I nod. “I don’t know if her death is relevant to what happened to her husband, but it’s enough of an anomaly to make me curious.”

“A lot of people have asked me about that day, Chief Burkholder. Still do. Most are just nosy, you know. One gal drove all the way from Philadelphia, claiming she was writing a book of all things.” He shakes his head. “I don’t like talking about it. One thing I can’t abide is morbid curiosity.”

He turns to me, his gaze meeting mine, assessing. For the first time, I see the weight of his profession reflected back at me, and I’m reminded of the Amish Diener, the men who devote their lives to serving their community. I see the same burden of responsibility in this man’s eyes, too.

“It sounds like you have a legitimate reason for asking,” he says quietly.

“I’m trying to find the truth. Figure out what happened and why. A man’s life depends on it.”

“In that case, come on.” He motions to the pavestone path that winds through the courtyard. “I’ll finish my watering while we chat.”

We take the path to a concrete-and-stone trough filled with a brilliant array of flowers, zinnias and daisies and a dozen other varieties I couldn’t begin to name. I stand back and watch while he puts the watering can to use. “I never used to garden. Never had a green thumb. But after that day … those few minutes I spent with Mia, I suppose the Lord knew I needed healing and, as He always does, He showed me the way and gave me this gift of growing beautiful things.”

We move to a row of wire baskets lined with coconut husk hanging from the rafter of a pergola. “I’d only been pastor a couple of years when it happened. I came in early that day. Worked in my office for a time and then I went into the chancel. I found her lying on the floor, near the altar.” He makes a sound I can only describe as grief. “Poor child of God. She looked so alone. Blood everywhere.”

“Was she already gone when you arrived?”

“She was alive, actually.” He grimaces. “Barely. We weren’t chained to our cell phones back in those days, so I covered her with my jacket and ran to my office and called the sheriff’s department. Then I came back … to see if I could help. So she wouldn’t be alone.” As if lost in the memory, he pauses. “I did what I could. Applied pressure. Spoke to her. Held her hand. Stayed with her until help arrived.”

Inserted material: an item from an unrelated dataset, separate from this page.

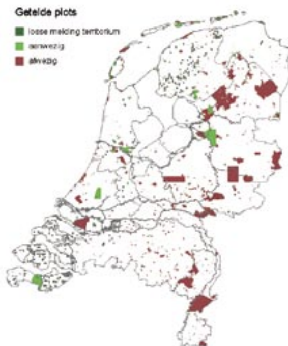
Figuur 2. Gebieden waar in 2006-2009 Bruine Kiekendieven werden geteld.

De eerste Bruine Kiekendieven zijn inmiddels alweer terug uit westelijk Afrika. Op dit moment zijn evenwel duizenden Bruine Kiekendieven nog onderweg naar West-Europa en vliegen misschien op dit moment over de Pyreneeën of de Middellandse Zee om dadelijk in gebieden zoals de Vendée of de Camargue even op krachten te komen. Next stop: Nederland! Niet wetende dat Nederland dit jaar in het teken staat van deze geweldige vogel. Samen met honderden, zo niet duizenden enthousiaste vogelaars gaan we proberen om zo veel mogelijk potentiële broedgebieden geteld te krijgen. Zoals altijd staat of valt het succes van de extra aandacht voor een Soort van het Jaar met uw beslissing om mee te doen. Uw hulp kunnen we dus goed gebruiken!

“Did she say anything, Pastor?” I ask.

He pulls a small pruner from his pocket and snips a stem from a hibiscus. “We Lutherans practice confession and absolution. We put much emphasis on the holy absolution. The pastor, of course, is pledged to keep the confessed in confidence because those sins have been removed. That seal cannot be broken.”

“Are you telling me she asked for confession and absolution?”

“Make of that what you will, Chief Burkholder. I’m bound by the seal of the confessional.”

“Had you ever met her before?”

“No.”

“Do you think it’s odd that an Amish woman, an Anabaptist, would come to a Lutheran church and ask the minister for confession?”

“I do. As you well know, the Amish have their own ways. That said, we’re all the children of God. Mia Stoltzfus was obviously in a dark place. Did she come here seeking comfort?” His expression tells me that while he has learned to live with what happened that day, the unanswered questions still bother him. “Do you have an opinion on that, Ms. Burkholder? I mean, you were Amish. Is there some scenario in which an Anabaptist woman would eschew her own religion for another?”

I think about my own community, growing up. How the Amish as a whole view the preachers, the deacon, and the bishop. How we view our English neighbors. “One of the most basic Amish tenets is that of separation from the rest of the world.”

He nods, as if he’d already drawn the same conclusion. “I can only hope that in her final minutes, she found peace.”